Day 11 - request context : a necessary evil ?

I'm right in the modules and more precisely the module context. First, let me try to explain the idea.

Let's say you write a module that gets a domain as input and submits a request to various search engines (google, yahoo, bing) to figure out how many pages each of them indexes for this domain. You know nginx is asynchronous so you definitely should not be holding back while you are waiting for an answer from each of them. You should return to nginx saying "I have submitted my requests, come back to me when you have news from those connections". Now, nginx being a nice back will do exactly that : get back to you as soon as he has news from one of the search engines. Now, the problem is two-fold : first you have to figure which one and second you have to figure out when you are done. To do so, nginx offers you (the module developper) a mechanism called the module module context. It's fairly simple: it's a pointer to a memory zone you allocated and that nginx will keep for you as associated to this request and your module. Not only will it keep it for you, but it will also give it back to you if you ask nicely and provide a request. This is what I call an explicit context.
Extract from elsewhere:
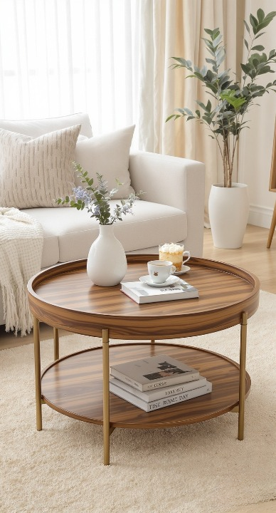 This classic round table with two tiers is wonderfully practical. The raised edge on the top helps keep items in place, and the lower shelf is great for display and storage. The rich wood tone and light gold legs give it a subtle, timeless elegance, making it a super versatile piece for any living room.

Now, when you are developing in a more "traditional way" (let's say PHP or Java) you don't bother about all this because the context is basically managed for you by the engine (it is both in the stack itself and/or in some thread-attached structure). The context is always associated with the thread and you don't have to bother. This is what I call an implicit context.

Both approaches are fine. The explicit context is geared towards performance at the cost of developers nightmares. The implicit context makes developers life easier but is suboptimal (you end up with a bunch of things you don't need in your context.

If I had a magic wand (or if I was smarter) I would create a programming model (or would that need to be a language of itself) where it would be easy to decide what to put in your context. You could decide to put "all sockets I'm going to open from now on" or the good-old stack, or some kind of closure (in the style of javascript where you end up with pretty much everything and the kitchen sink in your context). Food for thought...

As I'm already having trouble figuring out how a web server works, I'll forget about this and get back to my original journey.